Sometimes the truth appears in unexpected places. I’d love to be able to take the credit for the quote used in the title of this piece, but it is lifted from an episode of Star Trek: Discovery. That said, it is, I feel, entirely relevant.
The death of a child is so cataclysmic to our lives that the paths - or roads - that we have set ourselves no longer exist. Our previous choices, our futures, have all gone. Everything beyond the present is unknown, even our own needs and desires are blank. There are a hundred and one ways of describing it from living in a fog to being blindfolded, but the result is the same. We can see or predict nothing because everything that we had prepared ourselves for has changed. Our purpose has changed. Our futures have disappeared. What do we do with our lives now? We need to make a new road.
Because so much has changed and so much is unknown, setting a new destination for ourselves is impossible. We live from day to day, sometimes from hour to hour. So often we are asked “how do you manage?” and our response is “Because I have no choice.”. And that is how we build a new road. We get up, go through our day, go to bed and do it all again.

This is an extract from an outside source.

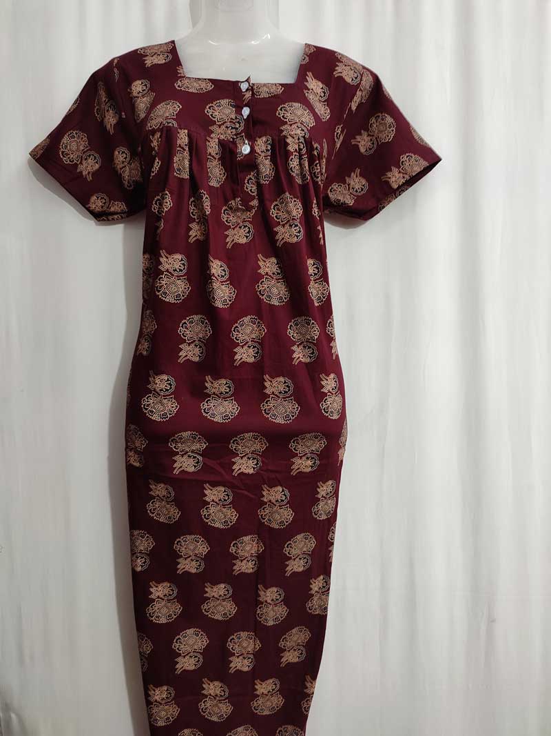 Front Open Cotton Nighty With Buttons, 55-57 Inches Long – Maroon
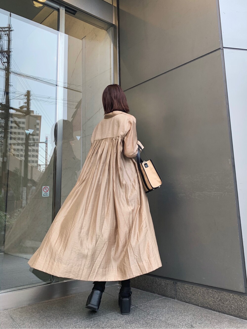 バックプリーツがこなれ感溢れるシアーロングコート✴︎軽量なオーガンジー素材なので、シルエットがしなやかで綺麗になびきます!166cmの身長でふくらはぎがしっかりカバーされる長めな着丈なので、厚底サンダルやヒール合わせが上級者っぽく仕上がりオススメです☺︎リブのノースリトップスにミニスカートで合わせ、スッキリバランス良くコーディネート❤︎ジュート素材のバッグはマチも広く、普段使いにピッタリのサイズ感ですよ❤︎

Most people get a destination or life goal and then make a road that leads to it, be it qualifications, promotions, new homes or children. When your child has died you make your road by surviving each day. You make the road by looking back at the road as it has grown. It lacks direction and meanders about but it is a road nonetheless; a road of survival. It is like no other road and is personal to us. There will be times when it drifts off in the wrong direction (if there is such a thing) and others when it slows or stops altogether. It doesn’t matter. The new road is growing and each day or year gets a little easier to build.
One day a time may come when we can look ahead a little and set a destination for the road to take. But if we don’t then the road will keep growing slowly, taking whatever form and direction that works best for us. Others won’t understand the road, nor its lack of direction. They will try and convince us to set a destination but we don’t need one. What we need is to build our road our way in our own time. And we will do that by walking it every day. You may not realise it, but you are already building your road. It may take a while, but that’s okay because there isn’t a rush.
One day I will be with Evie again and my road will be complete.